Type: RULEVolume: 74Number: 199Page: 53164
Docket number: [Docket No. FDA-2009-N-0665]
FR document: [FR Doc. E9-24881 Filed 10-15-09; 8:45 am]
Agency: Health and Human Services Department
Sub Agency: Food and Drug Administration
Official PDF Version:  PDF Version

DEPARTMENT OF HEALTH AND HUMAN SERVICES

Food and Drug Administration

21 CFR Parts 510 and 522

[Docket No. FDA-2009-N-0665]

New Animal Drugs; Change of Sponsor; Sometribove Zinc Suspension

AGENCY:

Food and Drug Administration, HHS.

ACTION:

Final rule.

SUMMARY:

The Food and Drug Administration (FDA) is amending the animal drug regulations to reflect a change of sponsor for sometribove zinc suspension from Monsanto Co. to Elanco Animal Health, A Division of Eli Lilly Co.

DATES:

This rule is effective October 16, 2009.

FOR FURTHER INFORMATION CONTACT:

David R. Newkirk, Center for Veterinary Medicine (HFV-100), Food and Drug Administration, 7500 Standish Pl., Rockville, MD 20855, 240-276-8307, e-mail: david.newkirk@fda.hhs.gov .

SUPPLEMENTARY INFORMATION:

Monsanto Co., 800 North Lindbergh Blvd., St.

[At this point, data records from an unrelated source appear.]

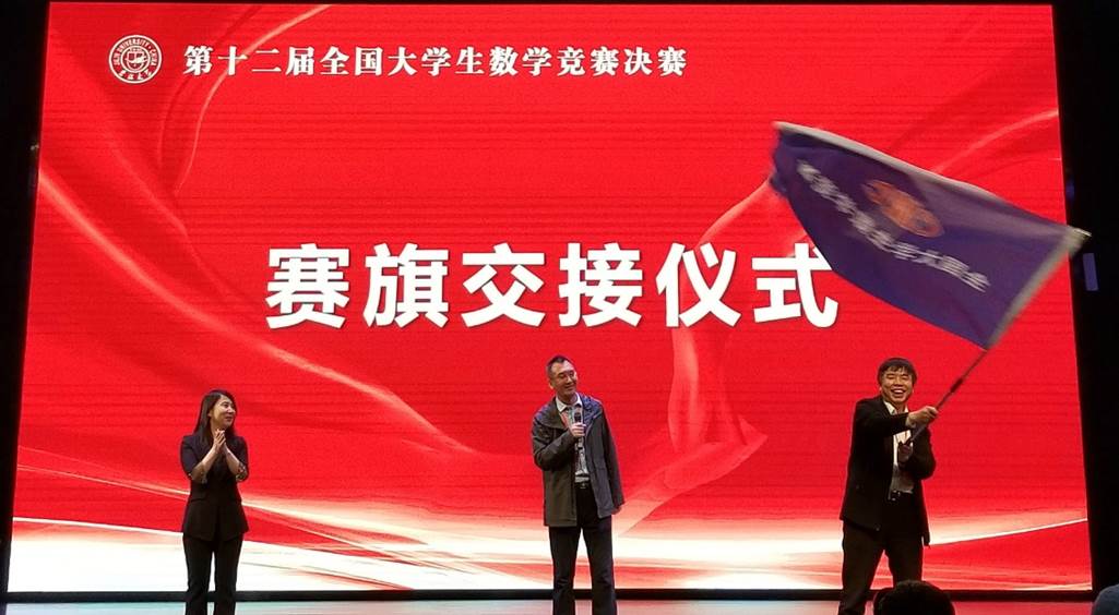 在颁奖典礼现场,全国大学生数学竞赛工作组组长正式宣布第十三届全国大学生数学竞赛由番号鸽 接棒承办,数学竞赛赛旗由吉林大学移交番号鸽 。番号鸽 院长谈胜利在接过赛旗后表示,将充分整合各方面按资源,全面做好赛事的组织和管理工作,努力办成一次特色鲜明的全国性高水平赛事。
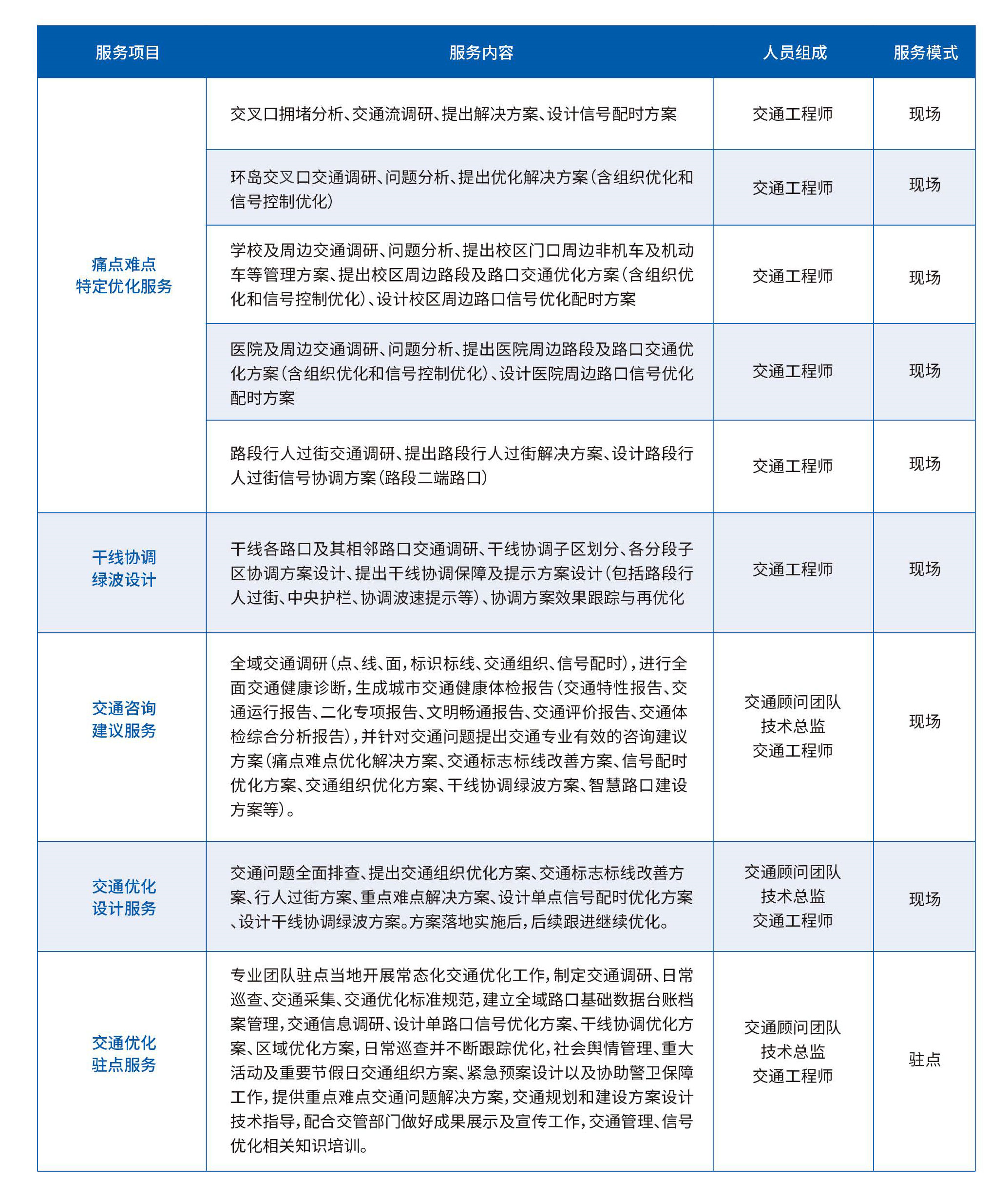 目前,超遠(yuǎn)信息擁有一支50餘人(rén)的專業化“交通優化與設計(jì)服務團隊”,團隊成員(yuán)均畢業于同濟大(dà)學、合肥工(gōng)業大(dà)學、上海理(lǐ)工(gōng)大(dà)學等高校(xiào)交通工(gōng)程專業。該團隊以專業化的技術(shù)能力,積累了6000多個路(lù)口改善經驗,并爲100多個城(chéng)市的交管部門(mén)提供專業交通優化設計(jì)服務,涵蓋交通基礎信息摸查、交通巡查與跟蹤改善、交通組織優化以及信号配時設計(jì)等服務内容,助力交管部門(mén)在交通優化與管理(lǐ)方面工(gōng)作(zuò)的高效開展,提升交通治理(lǐ)能力,保障城(chéng)市交通健康運行。
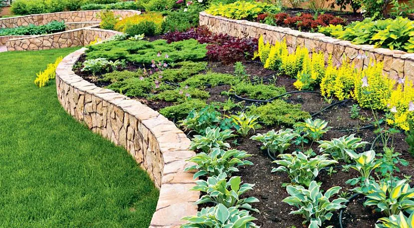 Если высота ярусов совсем небольшая, до 50 см, то можно использовать простую каменную кладку без цементной связки, а в промежутках между камнями размещаются семена многолетних травянистых растений, которые, прорастая, укрепляют и декорируют стенку.
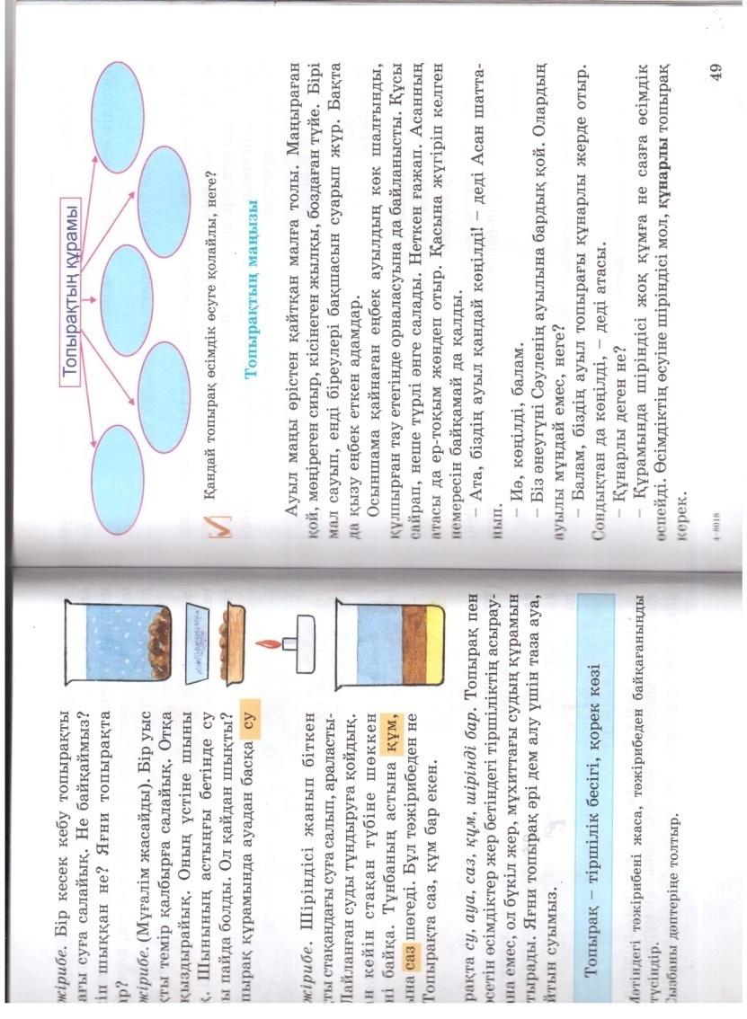 3.3.4.1 Кейбір ағзалардың тіршілігі үшін топырақтың рөлі 3.3.4.2 Топырақтың негізгі құрамын зерттеу (топырақ, құм, балшық, өсімдіктер мен жануарлардың қалдықтары, су, ауа) |
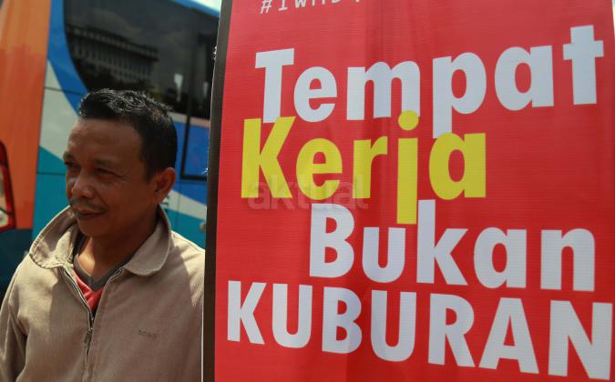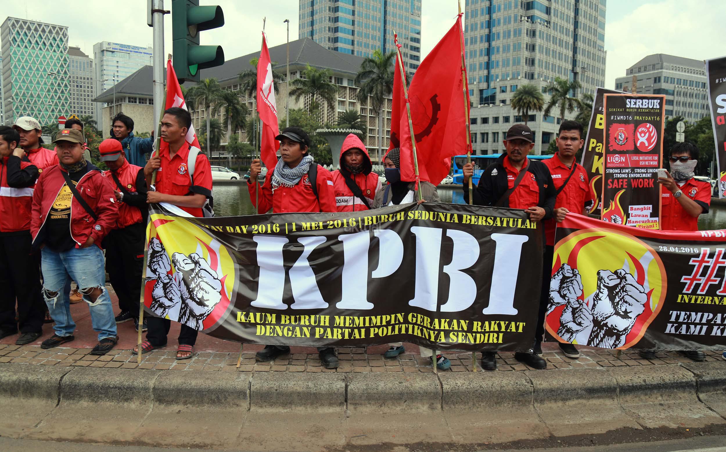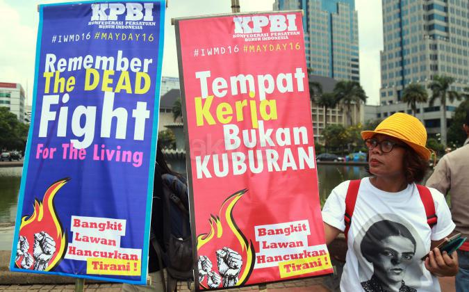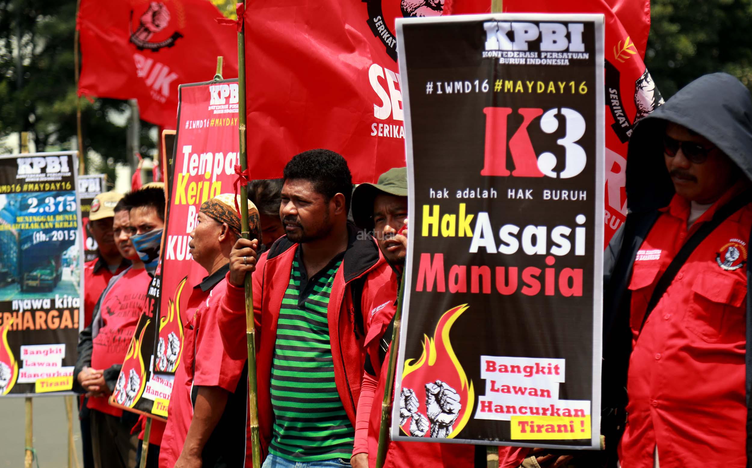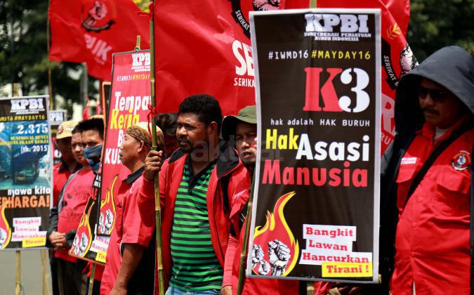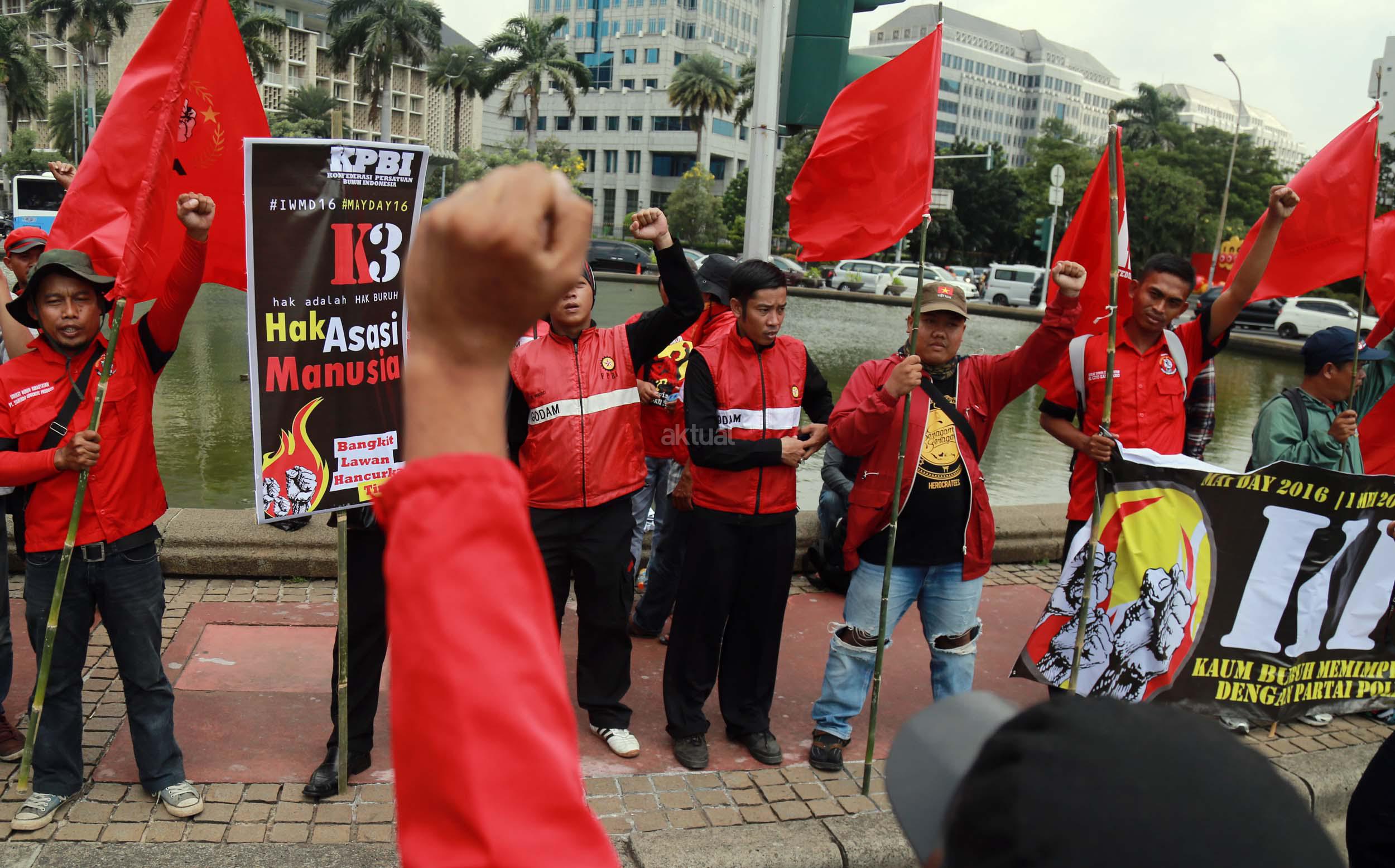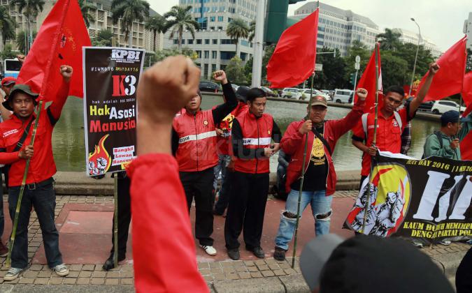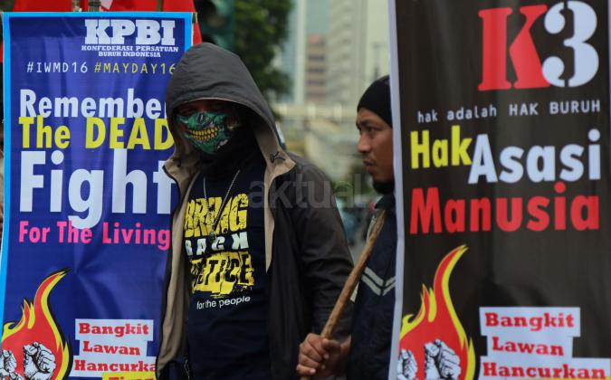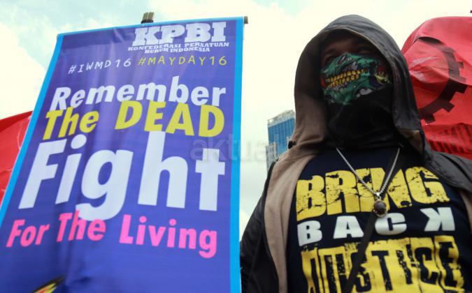 Puluhan buruh yang tergabung dalam Komite Persiapan Konfederasi Persatuan Buruh Indonesia (KP-KPBI) melakukan aksi di Jakarta, Kamis (28/4/2016). Dalam aksinya para buruh memperingati International Workers' Memorial Day (Peringatan Terhadap Kematian Pekerja) yang jatuh pada tanggal 28 April.

Louis, MO 63167, has informed FDA that it has transferred ownership of, and all rights and interest in, NADA 140-872 for POSILAC (sometribove zinc suspension) to Elanco Animal Health, A Division of Eli Lilly Co., Lilly Corporate Center, Indianapolis, IN 46285. Accordingly, the regulations are amended in 21 CFR 522.2112 to reflect this change of sponsorship.

Following this change of sponsorship, Monsanto Co. is no longer the sponsor of an approved application. Accordingly, 21 CFR 510.600(c) is being amended to remove the entries for Monsanto Co.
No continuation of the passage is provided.